I’m having a problem with JCufft when performing a 3D Complex to real transformation using a large amount of data.
the code works fine for data of 256 x 256 x 256 but fails with “CUFFT_Exec_Failed” error when using data of 512 x 512 x 512.
here is the code:
Pointer imgp = new Pointer();
Pointer outp = new Pointer();
Pointer img2 = new Pointer();
int sizeFloat = x * y * z;
int sizeComplex = x * y * ((z/2) + 1);
float[] img = imf.brakeDownToFloat(ims).getArray(); // transforme a 3D img to a suitable 1D
float[] imgr = new float[x*y*z];
int r = cudaMalloc(imgp,sizeFloat * Sizeof.FLOAT);
IJ.log("alloc img: " + cufftResult.stringFor(r));
r = cudaMalloc(outp, 2 * sizeComplex * Sizeof.FLOAT);
r = cudaMalloc(img2, sizeFloat * Sizeof.FLOAT);
r = cudaMemcpy(imgp, Pointer.to(img),(sizeFloat * Sizeof.FLOAT) , cudaMemcpyHostToDevice);
cufftHandle plan = new cufftHandle();
r = JCufft.cufftPlan3d(plan,x, y, z, cufftType.CUFFT_R2C);
r = JCufft.cufftExecR2C(plan, imgp, outp);
r = JCufft.cufftPlan3d(plan, x, y, z, cufftType.CUFFT_C2R);
r = JCufft.cufftExecC2R(plan, outp, img2);
IJ.log("backward : " + cufftResult.stringFor(r)); // ERROR CUFFT_EXEC_FAILED (only on large data)
r = cudaMemcpy(Pointer.to(imgr),img2,(sizeFloat * Sizeof.FLOAT),cudaMemcpyDeviceToHost);
IJ.log("copy back: " + JCuda.cudaGetErrorString(r));
...
thank you for your help. PS i use Tesla GPU and CUDA 4.0
Hello
CUFFT has a size limit for the transforms. The CUFFT documentation says…
This version of the CUFFT library supports the following features:
…
- Transform sizes up to 64 million elements in single precision and up to 128 million elements in double precision in any dimension, limited by the available GPU memory
And 512512512 exceeds this limit. Depending on wheter „elements“ in this case means „float elements“ or really the size of the transform, a size of 512512256 or 512256256 should work.
bye
Marco
thank you Marco13 for your reply
but i did not quite understood why the forward FFT (R2C) passes for the same size (512x512x512) but not the (C2R).
Admittedly, I’m also not sure.
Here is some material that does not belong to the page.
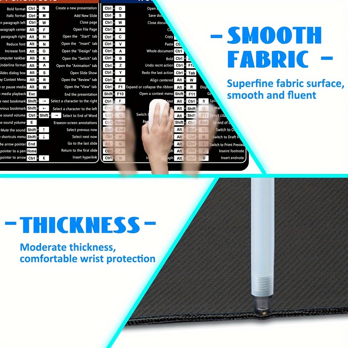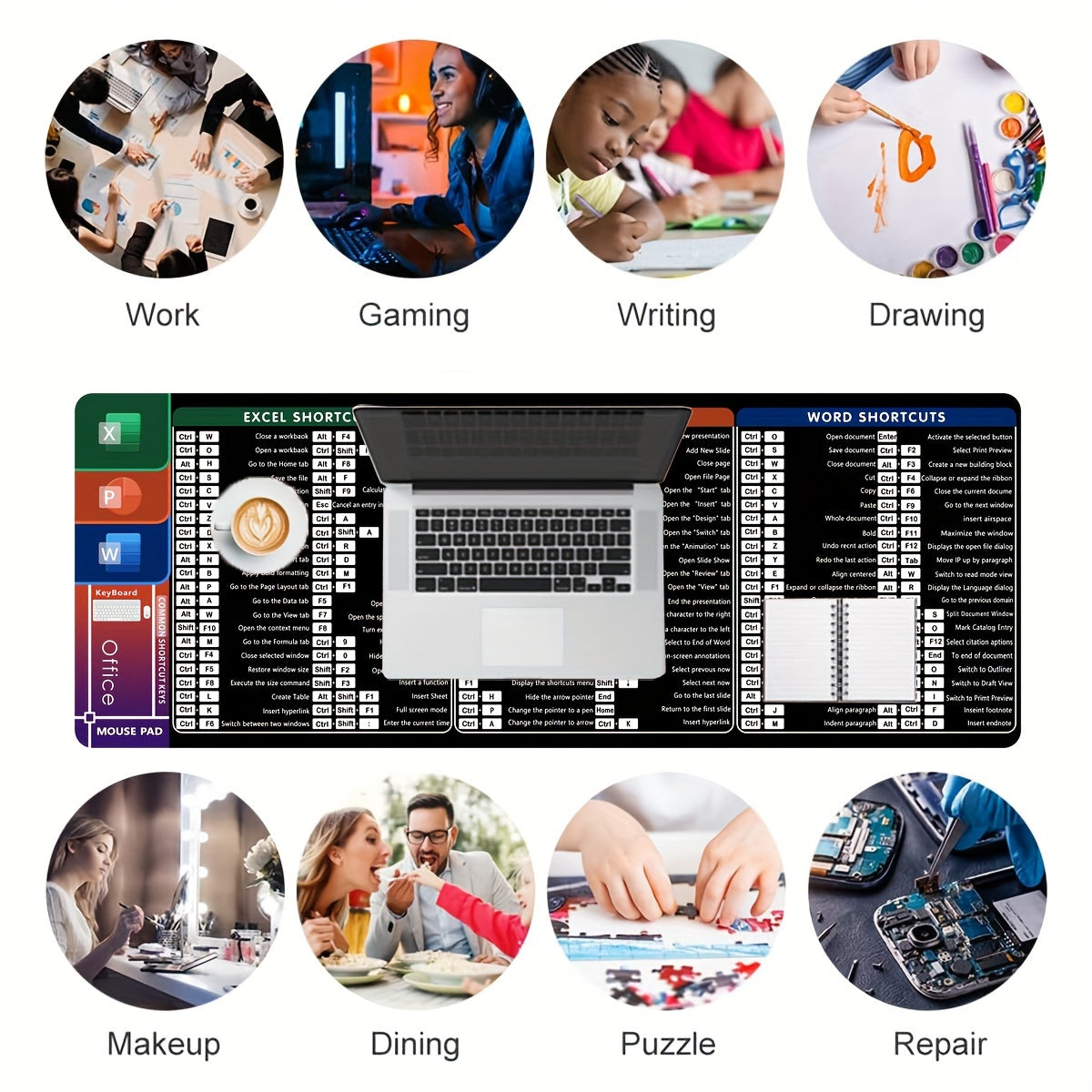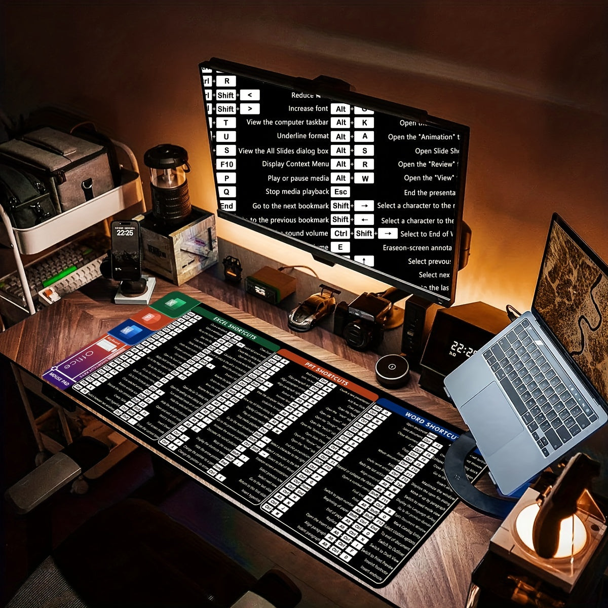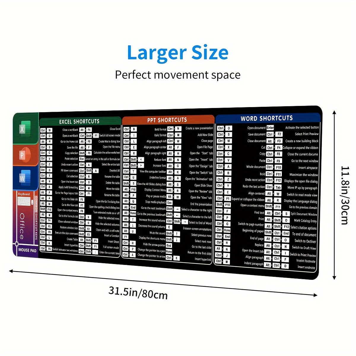 Tapis de souris de raccourci, tapis de bureau EXCEL/PPT/WORD raccourci 31. 5 X 11. 8 pouces tapis de souris de clavier, tapis de souris de jeu 3D pour salon chambre à coucher, décoration de la maison pour les joueurs, tapis de souris cadeau avec base en c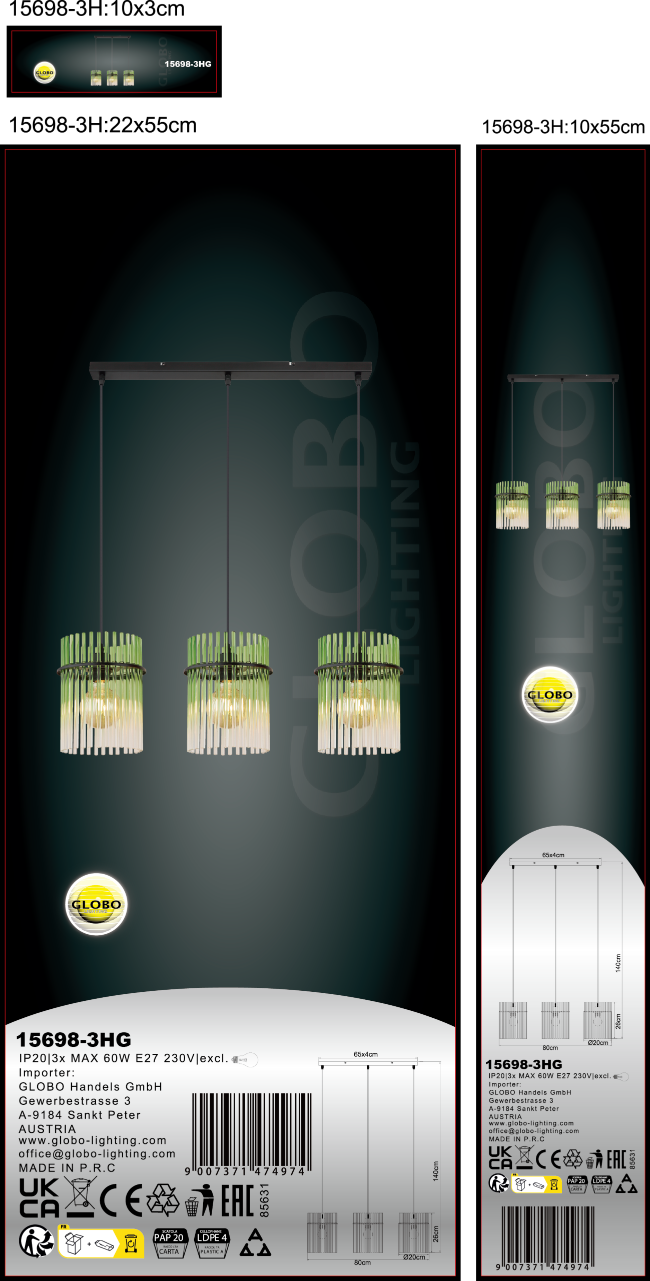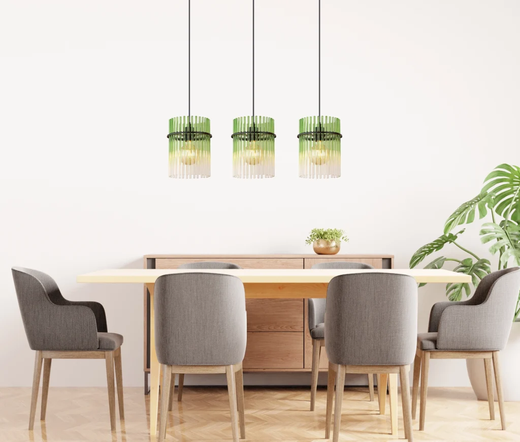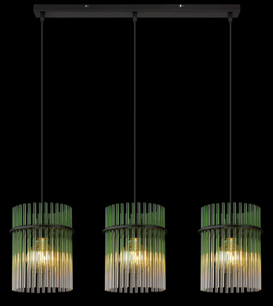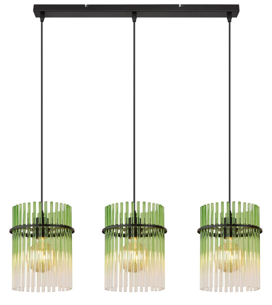 Viseća lampa GORLEY kombinuje moderan dizajn sa elegantnom funkcionalnošću. Ova stilska viseća lampa ima ravnu šinu na koju su pričvršćena tri vešalice. Svaka vešalica je opremljena okruglim kišobranom napravljenim od staklenih šipki. Staklene šipke su dizajnirane u fascinantnoj zelenoj, prozirnoj i gradijentnoj boji, stvarajući jedinstvenu igru svetlosti. Izduženi oblik lampe je idealan za upotrebu iznad trpezarijskih stolova, u dnevnim boravcima ili iznad pultova i harmonično se uklapa u različite stilove opremanja. Telo viseće lampe je napravljeno od mat crnog metala, što joj daje moderan i istovremeno bezvremenski izgled. Sa visećom lampom GORLEY, unosite vrhunac u svoj dom, koji ne samo da uverava svojim atraktivnim izgledom, već i visokokvalitetnom izradom. Kombinacija metala i stakla čini ovu lampu posebnim faktorom koji ulepšava svaku prostoriju i pruža prijatno osvetljenje.

I assume that the “number of elements” that are supported according to the documentation really refers to the specified size of the transform (and not to the number of ‘float elements’). So the size you are working with is close to the limits which are officially supported, and maybe larger than the limits - and the fact that seems to be working in one direction might be a an “implementation detail”.
In any case, I assume that this is not an issue of JCufft, but the behavior is only determined by CUFFT itself. If there are any doubts, I can try to confirm this by trying the same program in plain CUFFT. This could also help to make sure that it is not solely a memory issue: You are creating and executing a plan, and then re-using the same handle to create and execute a new one:
r = JCufft.cufftPlan3d(plan,x, y, z, cufftType.CUFFT_R2C);
r = JCufft.cufftExecR2C(plan, imgp, outp);
r = JCufft.cufftDestroy(plan); // Don't forget to destroy the plan!
r = JCufft.cufftPlan3d(plan, x, y, z, cufftType.CUFFT_C2R);
IJ.log("Result of creating the plan : " + cufftResult.stringFor(r));
r = JCufft.cufftExecC2R(plan, outp, img2);
IJ.log("backward : " + cufftResult.stringFor(r));
Destroying the plan might allow CUFFT to free some memory that has been allocated internally, when the plan was created. But if this also does not help, I’m afraid that I can not give a more profound answer to this at the moment. Maybe the people at the NVIDIA forum have more information about this. I checked the documentation and the release notes again, but did not find any further hints…